▸ Extracted records
++++++++
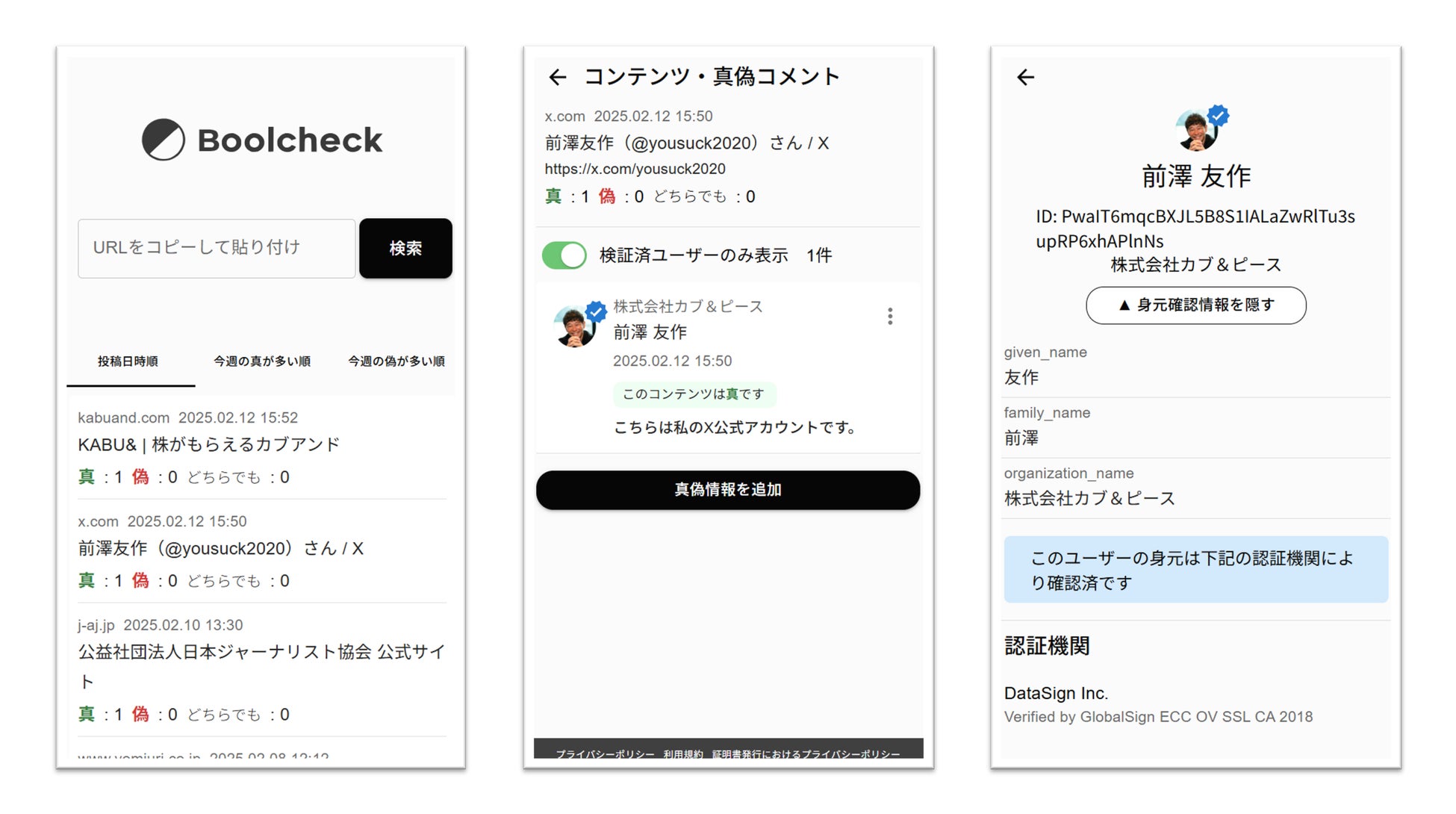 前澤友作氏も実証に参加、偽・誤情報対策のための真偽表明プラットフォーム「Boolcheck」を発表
++++++++
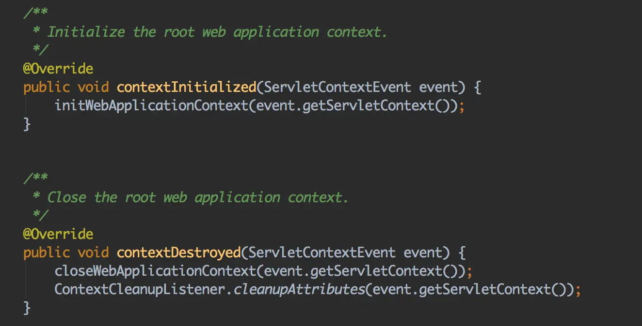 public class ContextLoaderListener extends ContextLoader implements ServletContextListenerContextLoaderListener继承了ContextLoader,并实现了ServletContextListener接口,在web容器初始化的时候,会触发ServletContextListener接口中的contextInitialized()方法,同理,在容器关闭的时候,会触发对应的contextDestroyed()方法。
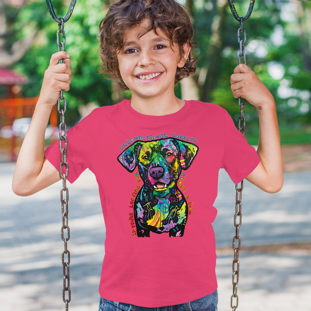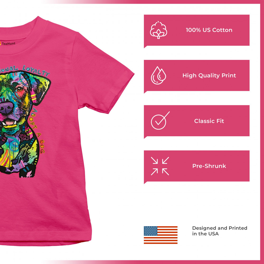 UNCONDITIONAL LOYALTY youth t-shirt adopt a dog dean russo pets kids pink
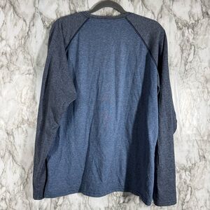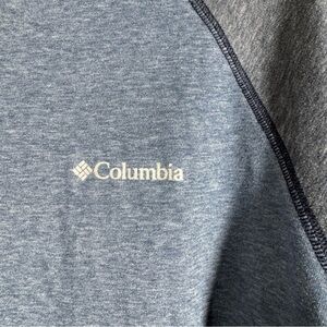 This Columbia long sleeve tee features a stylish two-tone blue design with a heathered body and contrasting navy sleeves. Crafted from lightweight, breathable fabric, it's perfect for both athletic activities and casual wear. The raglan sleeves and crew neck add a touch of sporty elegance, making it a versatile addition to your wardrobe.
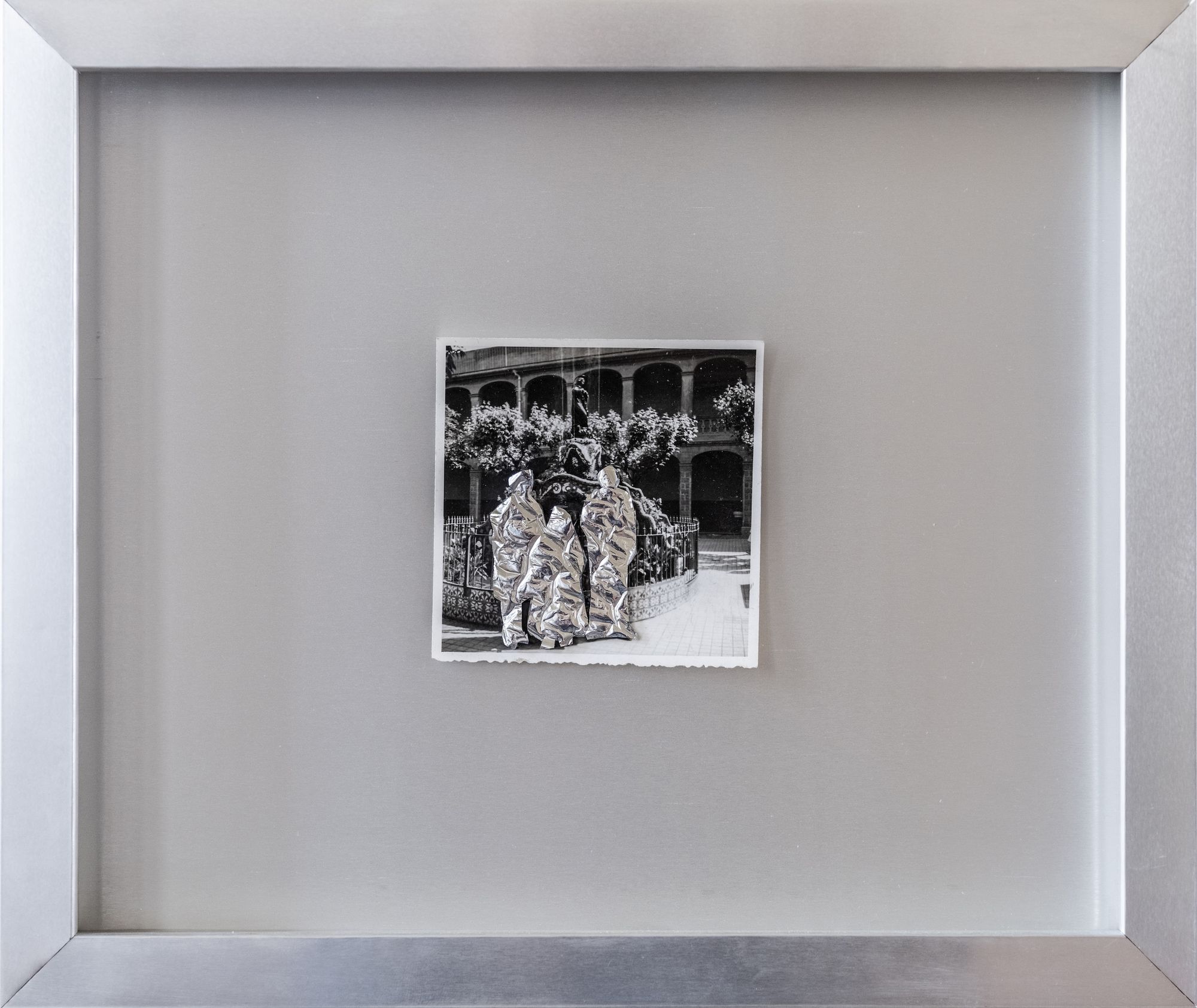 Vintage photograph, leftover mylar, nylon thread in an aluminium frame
++++++++
▸ What is required
Copy exactly the lines of the entries above from the one containing "public class ContextLoaderListener" through the one containing "Vintage photograph, leftover". Both end lines count; pictures do not.

▸ Answer section
 public class ContextLoaderListener extends ContextLoader implements ServletContextListenerContextLoaderListener继承了ContextLoader,并实现了ServletContextListener接口,在web容器初始化的时候,会触发ServletContextListener接口中的contextInitialized()方法,同理,在容器关闭的时候,会触发对应的contextDestroyed()方法。
 UNCONDITIONAL LOYALTY youth t-shirt adopt a dog dean russo pets kids pink
 This Columbia long sleeve tee features a stylish two-tone blue design with a heathered body and contrasting navy sleeves. Crafted from lightweight, breathable fabric, it's perfect for both athletic activities and casual wear. The raglan sleeves and crew neck add a touch of sporty elegance, making it a versatile addition to your wardrobe.
 Vintage photograph, leftover mylar, nylon thread in an aluminium frame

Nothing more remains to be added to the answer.